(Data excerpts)
***

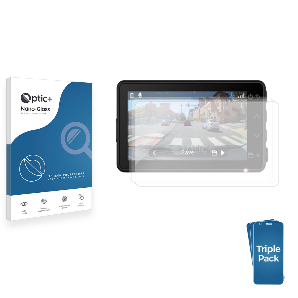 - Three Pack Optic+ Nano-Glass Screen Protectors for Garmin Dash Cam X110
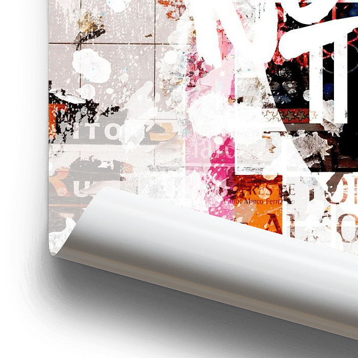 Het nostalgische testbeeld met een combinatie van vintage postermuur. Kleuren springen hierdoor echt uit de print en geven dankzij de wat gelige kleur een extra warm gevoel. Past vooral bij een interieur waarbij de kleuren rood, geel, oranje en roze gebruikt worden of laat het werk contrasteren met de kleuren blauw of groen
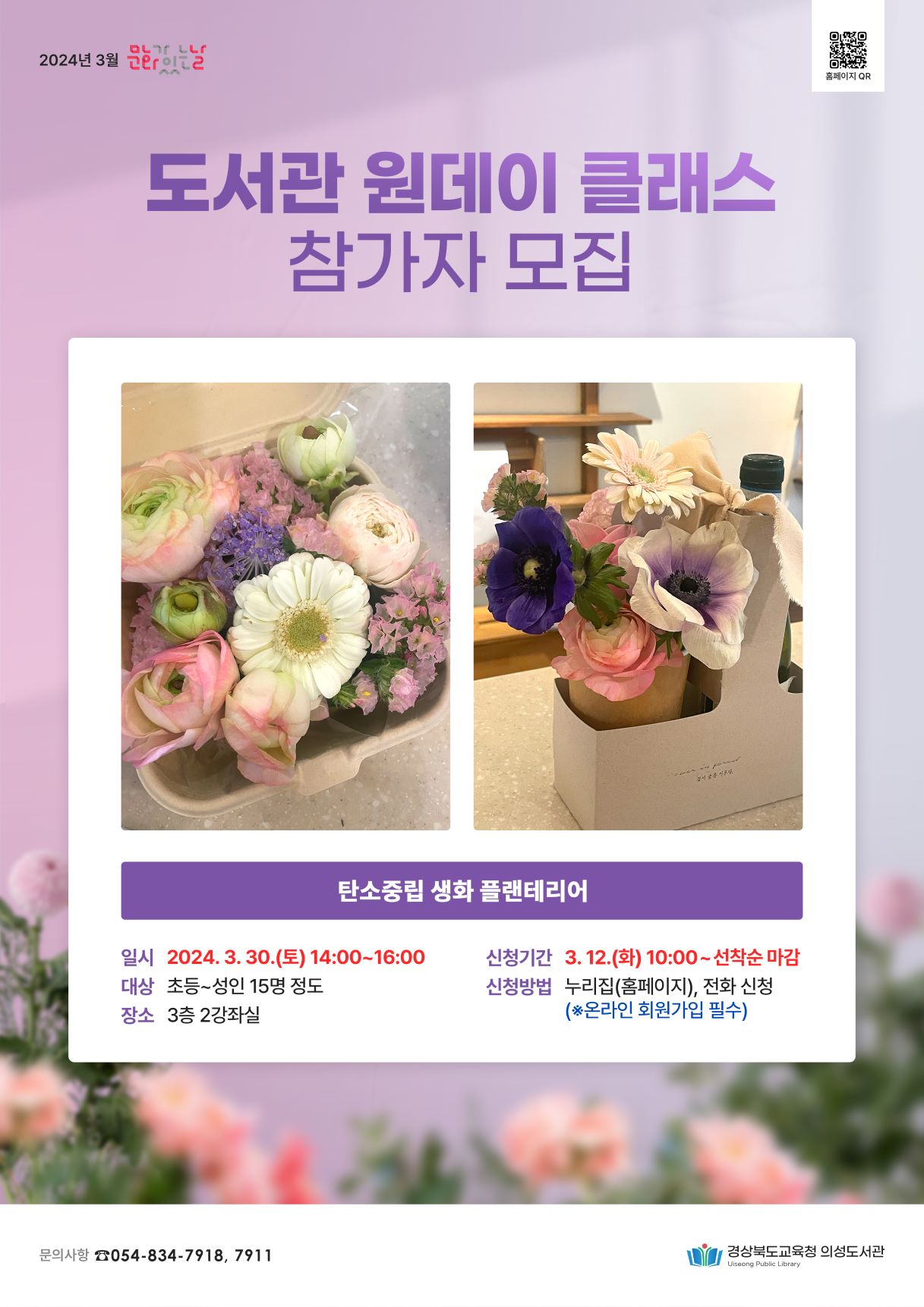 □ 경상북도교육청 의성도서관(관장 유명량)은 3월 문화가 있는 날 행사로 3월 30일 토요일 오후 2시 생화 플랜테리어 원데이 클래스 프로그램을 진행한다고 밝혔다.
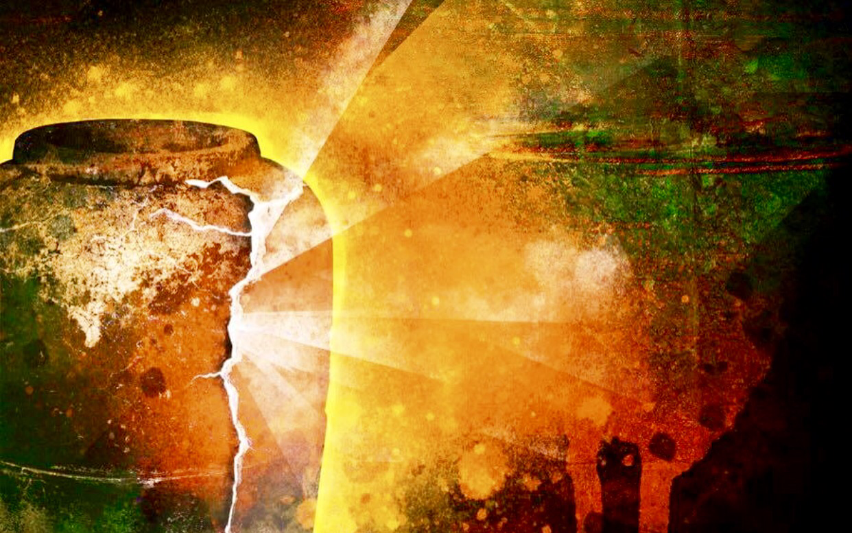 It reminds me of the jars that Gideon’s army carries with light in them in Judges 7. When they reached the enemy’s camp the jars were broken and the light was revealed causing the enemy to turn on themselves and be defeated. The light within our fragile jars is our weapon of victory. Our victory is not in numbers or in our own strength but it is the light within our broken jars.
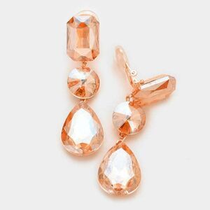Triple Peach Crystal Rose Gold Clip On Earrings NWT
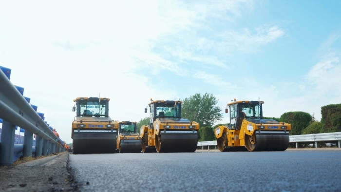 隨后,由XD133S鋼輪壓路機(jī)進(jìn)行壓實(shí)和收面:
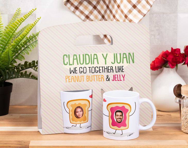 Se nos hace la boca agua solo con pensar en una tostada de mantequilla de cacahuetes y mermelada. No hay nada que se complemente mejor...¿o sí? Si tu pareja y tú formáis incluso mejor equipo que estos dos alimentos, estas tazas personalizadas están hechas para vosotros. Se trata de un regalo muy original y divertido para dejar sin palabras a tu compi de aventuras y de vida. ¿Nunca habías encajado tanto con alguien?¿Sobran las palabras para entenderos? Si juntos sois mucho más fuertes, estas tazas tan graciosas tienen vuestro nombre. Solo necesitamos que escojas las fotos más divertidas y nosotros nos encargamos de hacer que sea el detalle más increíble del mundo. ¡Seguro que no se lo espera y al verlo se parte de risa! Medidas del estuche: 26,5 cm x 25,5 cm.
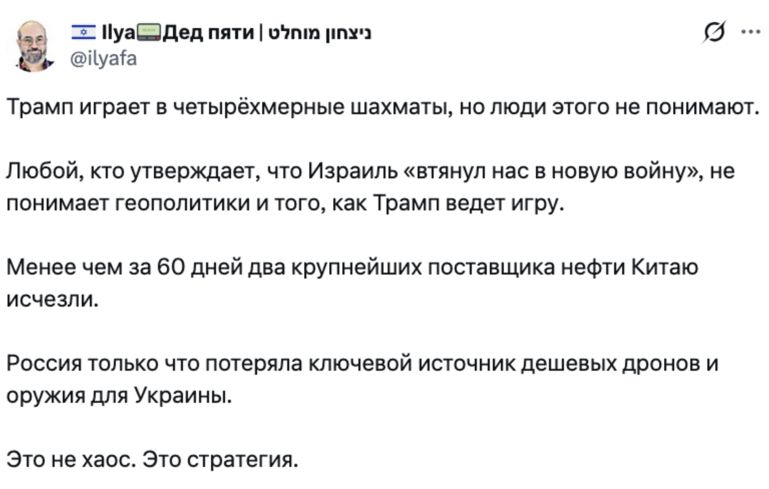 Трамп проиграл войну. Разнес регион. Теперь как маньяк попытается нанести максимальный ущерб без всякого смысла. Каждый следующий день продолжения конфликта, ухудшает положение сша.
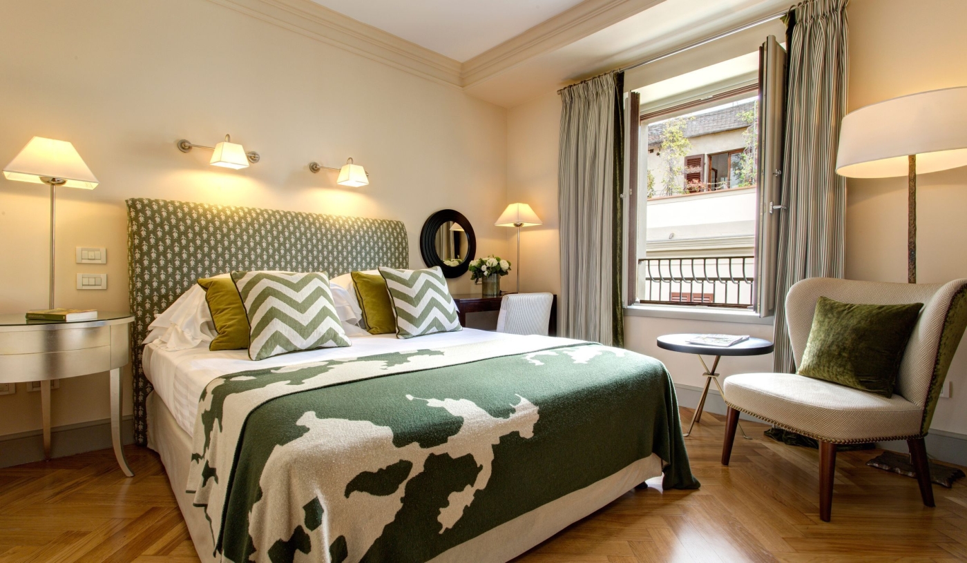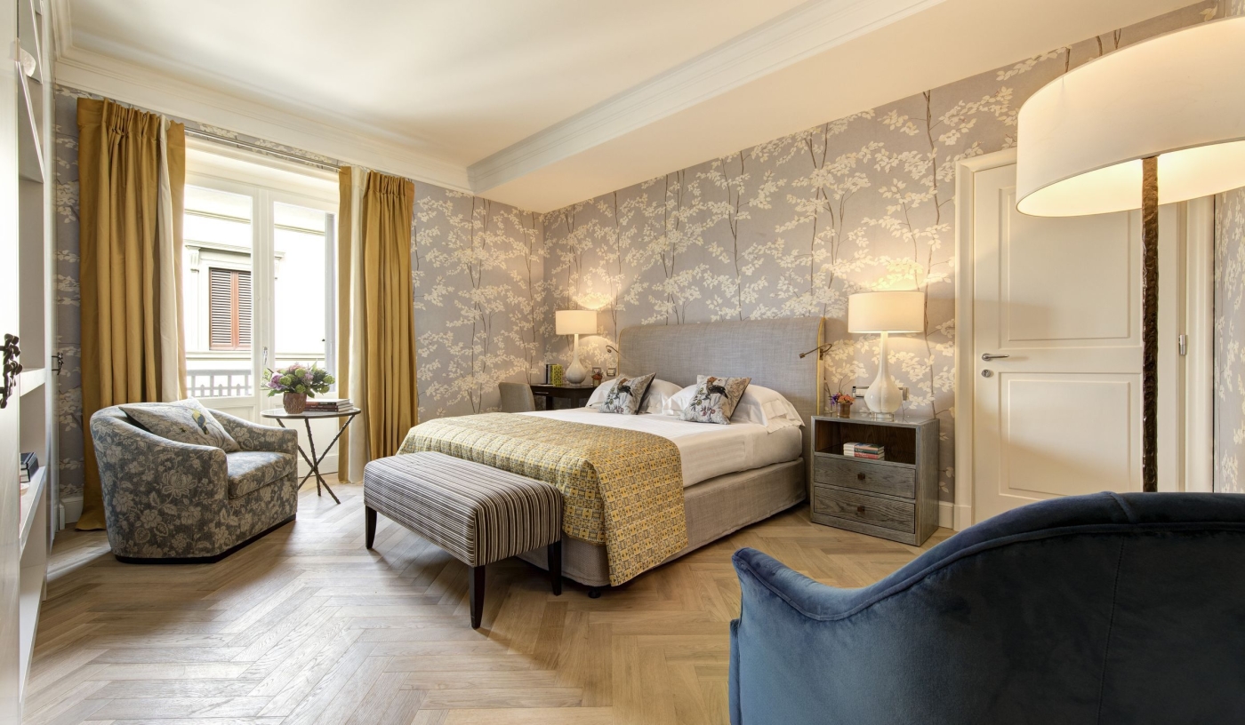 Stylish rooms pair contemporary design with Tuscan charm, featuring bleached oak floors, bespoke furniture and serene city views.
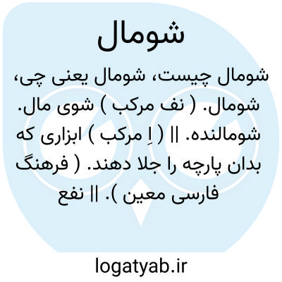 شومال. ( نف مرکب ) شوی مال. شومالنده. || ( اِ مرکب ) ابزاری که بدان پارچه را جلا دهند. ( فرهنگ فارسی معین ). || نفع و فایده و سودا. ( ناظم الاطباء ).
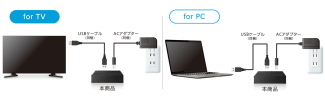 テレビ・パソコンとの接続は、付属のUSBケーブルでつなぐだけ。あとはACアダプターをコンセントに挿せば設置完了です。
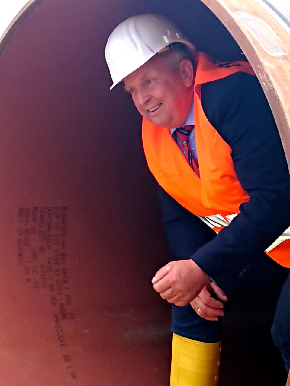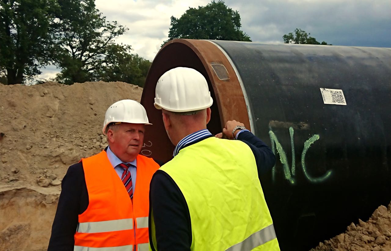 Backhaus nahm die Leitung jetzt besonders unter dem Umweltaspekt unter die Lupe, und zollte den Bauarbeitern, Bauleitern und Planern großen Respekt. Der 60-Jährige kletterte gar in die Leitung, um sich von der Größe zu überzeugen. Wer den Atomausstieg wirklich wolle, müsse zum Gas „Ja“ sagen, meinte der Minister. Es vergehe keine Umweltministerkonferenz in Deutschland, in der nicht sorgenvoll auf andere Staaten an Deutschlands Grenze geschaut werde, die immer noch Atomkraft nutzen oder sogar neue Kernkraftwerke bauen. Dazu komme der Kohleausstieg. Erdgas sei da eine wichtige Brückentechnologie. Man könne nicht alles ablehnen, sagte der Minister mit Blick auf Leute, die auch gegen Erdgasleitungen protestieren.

***

Task instructions
Begin at the line containing "شومال. ( نف" and copy every line through the end of the data above exactly, omitting the pictures.

Solution for this problem
 شومال. ( نف مرکب ) شوی مال. شومالنده. || ( اِ مرکب ) ابزاری که بدان پارچه را جلا دهند. ( فرهنگ فارسی معین ). || نفع و فایده و سودا. ( ناظم الاطباء ).
 テレビ・パソコンとの接続は、付属のUSBケーブルでつなぐだけ。あとはACアダプターをコンセントに挿せば設置完了です。
 Backhaus nahm die Leitung jetzt besonders unter dem Umweltaspekt unter die Lupe, und zollte den Bauarbeitern, Bauleitern und Planern großen Respekt. Der 60-Jährige kletterte gar in die Leitung, um sich von der Größe zu überzeugen. Wer den Atomausstieg wirklich wolle, müsse zum Gas „Ja“ sagen, meinte der Minister. Es vergehe keine Umweltministerkonferenz in Deutschland, in der nicht sorgenvoll auf andere Staaten an Deutschlands Grenze geschaut werde, die immer noch Atomkraft nutzen oder sogar neue Kernkraftwerke bauen. Dazu komme der Kohleausstieg. Erdgas sei da eine wichtige Brückentechnologie. Man könne nicht alles ablehnen, sagte der Minister mit Blick auf Leute, die auch gegen Erdgasleitungen protestieren.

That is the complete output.